• _What you should do_
The material below should be copied line for line, please, with pictures omitted.

• _Input data_
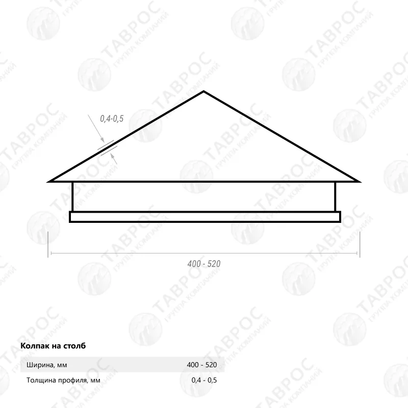 Колпак на кирпичный столб это металлическое изделие, устанавливаемое в качестве оголовка на опору забора. Колпак защищает кладку столба от негативного влияния атмосферных осадков и придаёт ограждающей конструкции привлекательный вид. Для производства колпака используется тонколистовая оцинкованная сталь с полимерным покрытием в цветах по каталогу RAL. Производятся колпаки, как правило, в трёх типоразмерах посадочных мест: 400×400мм, 400×520мм и 520×520мм. При необходимости возможно изготовление изделий по индивидуальным размерам.
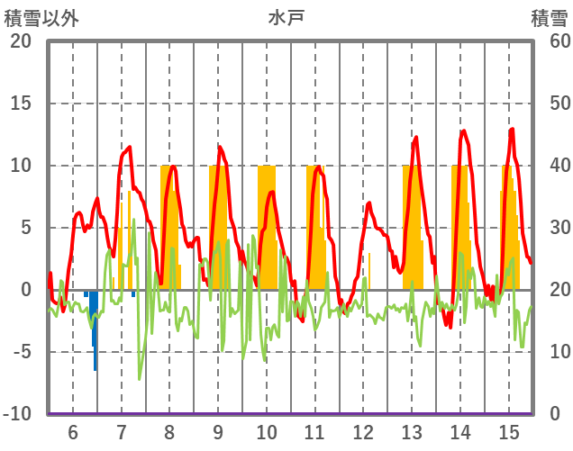 | 日 | 時 | 気温 | 降水 | 風向/風速 | 日照 | 積雪 | 降雪 |
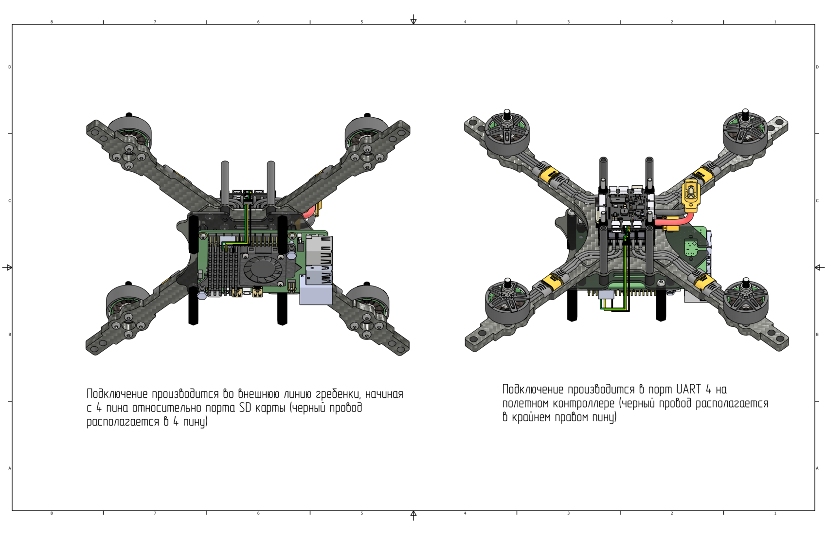 Подключите к Raspberry шлейф передачи данных. Подключение производится во внешнюю линию гребенки, начиная с 4 порта относительно порта SD карты(черный провод в 14 порту, см. pinout). Подключение ответной части производится в порт UART 4 на полетном контроллере(черный провод распологается в крайнем правом углу).
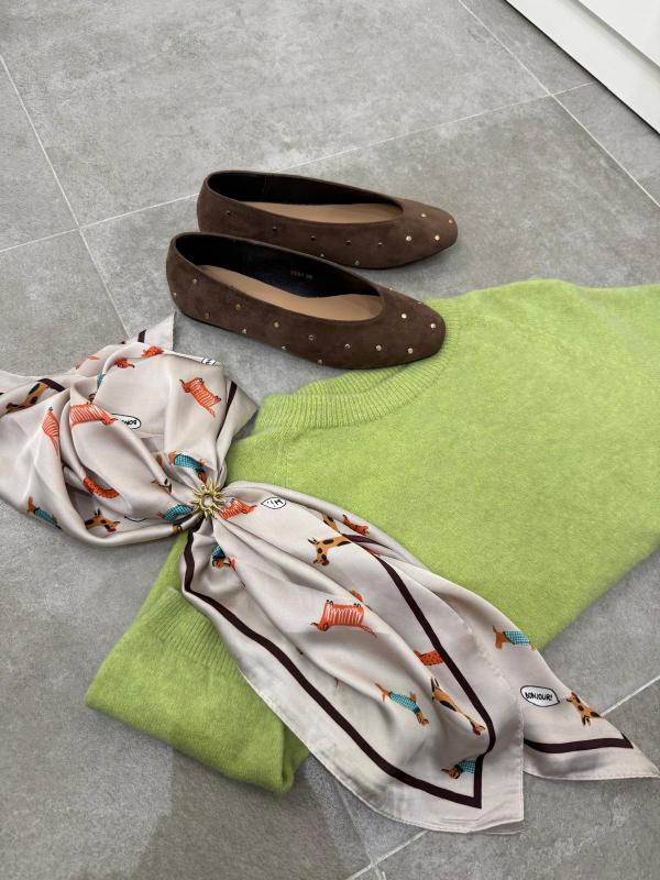Pañuelo cuadro de tejido satinado con estampado de perritos, ideal para todos tus looks y peinados.
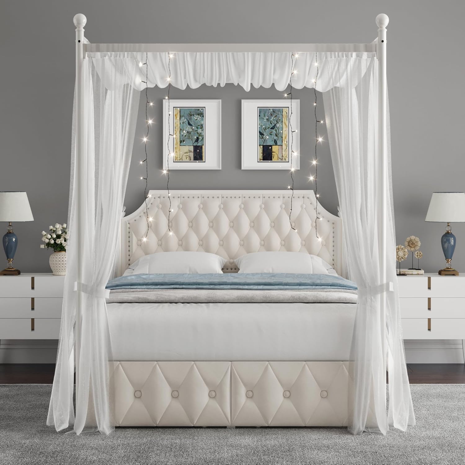 Two-Purpose Bed Frame: With a detachable canopy on the top, the platform bed frame can be quickly adjusted into a four-poster canopy bed. The unique design meets your needs and creates a dreamy atmosphere for the bedroom.
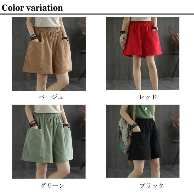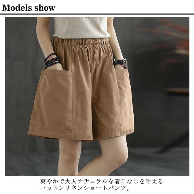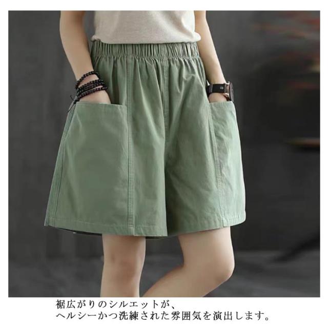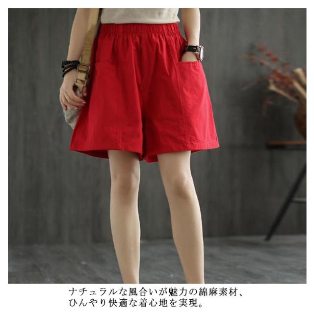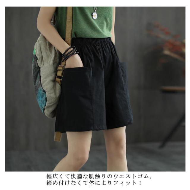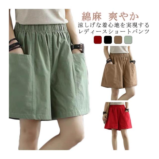 綿麻 レディース ボトムス 快適 ショートパンツ ナチュラル ショートパンツ Aライン 体型カバー 涼しい ハーフパンツ ゆったり ウエストゴム ショート丈 爽やか ルームウエア 部屋着 短パン 無地 シンプル 着?せ 体型カバー 大きいサイズ

• _Your solution_
 Колпак на кирпичный столб это металлическое изделие, устанавливаемое в качестве оголовка на опору забора. Колпак защищает кладку столба от негативного влияния атмосферных осадков и придаёт ограждающей конструкции привлекательный вид. Для производства колпака используется тонколистовая оцинкованная сталь с полимерным покрытием в цветах по каталогу RAL. Производятся колпаки, как правило, в трёх типоразмерах посадочных мест: 400×400мм, 400×520мм и 520×520мм. При необходимости возможно изготовление изделий по индивидуальным размерам.
 | 日 | 時 | 気温 | 降水 | 風向/風速 | 日照 | 積雪 | 降雪 |
 Подключите к Raspberry шлейф передачи данных. Подключение производится во внешнюю линию гребенки, начиная с 4 порта относительно порта SD карты(черный провод в 14 порту, см. pinout). Подключение ответной части производится в порт UART 4 на полетном контроллере(черный провод распологается в крайнем правом углу).
Pañuelo cuadro de tejido satinado con estampado de perritos, ideal para todos tus looks y peinados.
 Two-Purpose Bed Frame: With a detachable canopy on the top, the platform bed frame can be quickly adjusted into a four-poster canopy bed. The unique design meets your needs and creates a dreamy atmosphere for the bedroom.
 綿麻 レディース ボトムス 快適 ショートパンツ ナチュラル ショートパンツ Aライン 体型カバー 涼しい ハーフパンツ ゆったり ウエストゴム ショート丈 爽やか ルームウエア 部屋着 短パン 無地 シンプル 着?せ 体型カバー 大きいサイズ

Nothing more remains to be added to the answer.